Sono i figli a chiederci di dargli delle regole


di Renata Maderna

da Famiglia Cristiana, n. 16, 18 aprile 2004

www.famigliacristiana.it

Ha scritto un libro sui "padri assenti". E raccomanda: «Educare costa, ma i ragazzi ne hanno grande bisogno».

«Il segno del padre è quello della ferita. Il dolore, il colpo, prodotto dalla perdita». Parole nette, decise, persino dure, se lette fuori dal contesto che le spiega, un libro, intitolato Il padre, l´assente inaccettabile (San Paolo), che da mesi ormai sta ottenendo un gradimento larghissimo, basato soprattutto sul passaparola, che ha decretato il successo del testo fra i tanti volumi dedicati al tema della paternità. L´autore, lo psicanalista Claudio Risé, continua a girare l´Italia per rispondere alle richieste di gremite platee, di associazioni, gruppi e parrocchie, che vogliono discuterne il contenuto e chiedere consigli, due motivazioni che spingono anche i numerosissimi che gli scrivono ogni giorno lettere ed e-mail. «Tutto questo mi ha confermato quello che rilevo nella pratica quotidiana come psicanalista, la fortissima richiesta di un padre che faccia il padre, che sia figura fondante della personalità»Un padre, dunque, che se da una parte non deve certo assomigliare ai padri-padrone di un tempo, non deve neppure appiattirsi a cercare di scimmiottare e duplicare la figura della madre.

«Il padre», spiega Risé, che ha due figli di 31 e 12 anni, «insegna, testimonia che la vita non è solo appagamento, conferma, rassicurazione, ma anche perdita, mancanza, fatica. Le esperienze più profonde prendono origine e forma proprio dalla perdita. Il bambino che rimane per sempre nella sfera materna rischia di non fare un passaggio decisivo per la sua crescita di uomo».

Genitori e educatori conoscono bene la caratteristica ansia del bambino viziato, cui si cerca di evitare il più possibile l´esperienza del limite, del divieto, della regola. Il bimbo diventa sempre più irrequieto, fino a sfidare continuamente più il mondo degli adulti e dell´autorità.

«Apparentemente lo fa per sfrontatezza e prepotenza», continua Risé. «A livello più profondo, in realtà, cerca disperatamente di ricevere un contenimento, un arresto, una norma. Ha bisogno di sentirsi dire: "Questo non lo devi fare". E cerca in ogni modo di soddisfare la sua necessità di una legge».

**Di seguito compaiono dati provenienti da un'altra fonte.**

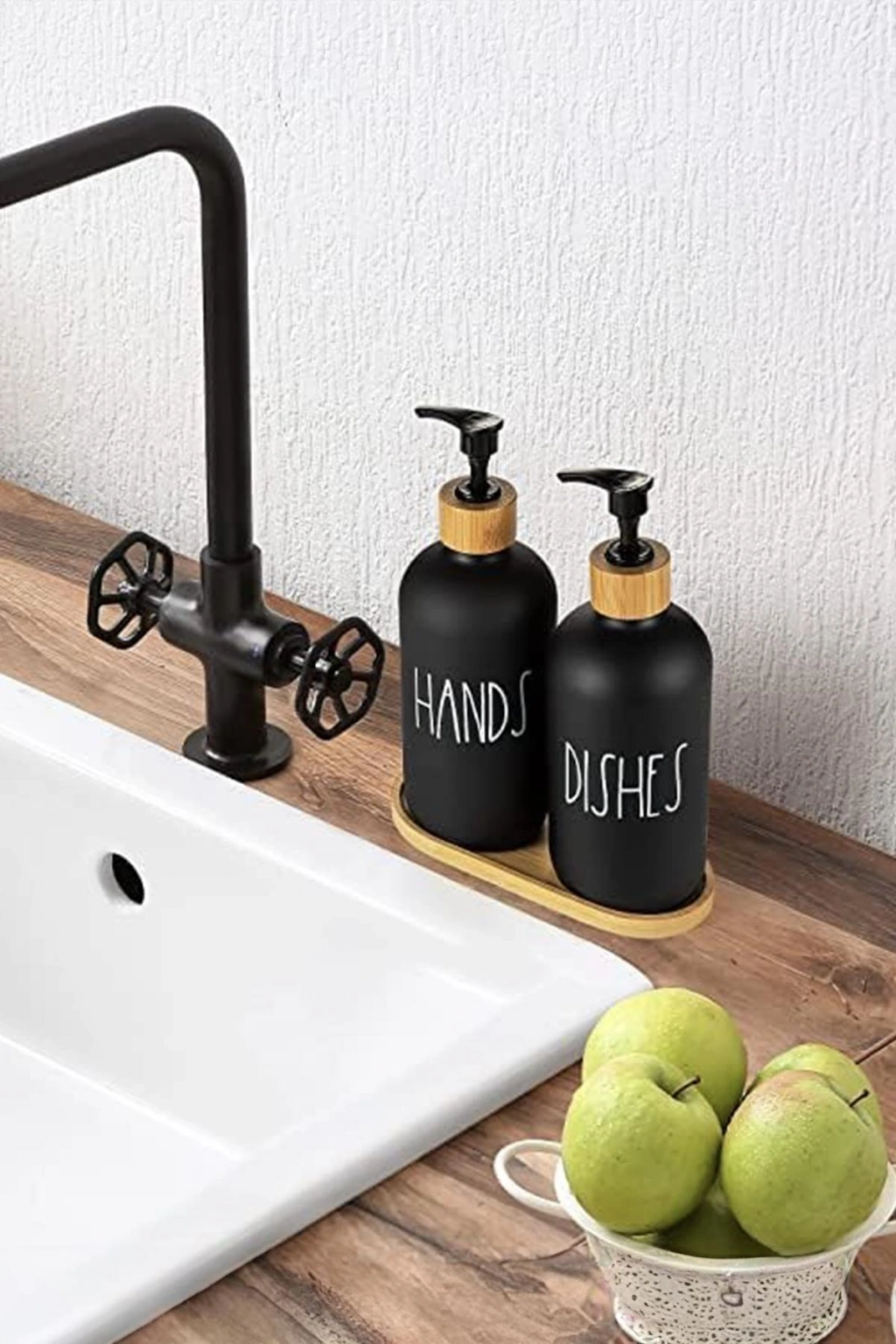 2 Li Bambu Altlıklı Sıvı Sabunluk Seti Siyah

Ma è decisiva anche la madre

Ma attenzione, il fatto che Risé sottolinei il bisogno che i figli hanno del padre, non significa che il suo libro dimentichi il ruolo decisivo della madre: «Dal calore, dall´affetto che la madre prova per il figlio, ed esprime attraverso lo sguardo e le carezze e da ogni suo gesto, dipenderà l´amore che il bambino proverà per sé stesso, la sua capacità di volersi bene. Quindi anche quella di amare realmente gli altri. È la simbiosi madre-figlio, la sua centralità nella vita dell´individuo che fa della presenza della madre nei primi anni di vita un caposaldo dell´esistenza individuale. L´enorme significato di questa simbiosi è ciò che rende importante la sua fine e decisivi i modi e i tempi in cui avviene. Se la separazione non avviene correttamente, l´individuo rischia di rimanere per tutta la vita un bimbo che piange l´oggetto amato da cui è stato separato e ne ricerca, in una sterile richiesta narcisistica, lo sguardo d´approvazione».

Quei mariti ancora troppo figli

Su questo punto Risé ha raccolto il consenso di tante donne e mamme, lasciando emergere ancora una volta come sia semplice per una moglie notare il rapporto non maturo del marito con la propria mamma e come, d´altra parte, sia difficile rendersi conto del fatto che la medesima situazione si sta creando con i propri figli.

«Negli ultimi decenni», spiega Risé, «ci si è immobilizzati in una sorta di opposizione tra il cosiddetto padre normativo e quello affettivo, invocato dagli slogan della "correttezza politica", calata anche nelle pedagogie. C´è un malinteso di fondo che fa dimenticare quanto impegno costi a un genitore l´intervento educativo e disciplinare, che viene accettato e capito proprio perché nasce dall´affetto. Molto più facile e rilassante sarebbe il lasciar fare, come hanno fatto sempre i padri assenti, votati soltanto ed esclusivamente al lavoro».

Ma quando l´amore paterno riesce a prevalere e il papà non ha paura di fare il suo mestiere, lascia un solco nella vita del figlio profondo al punto da sopravvivere per sempre. Uno sguardo che accompagna, sorride e ogni tanto sgrida persino dopo la morte.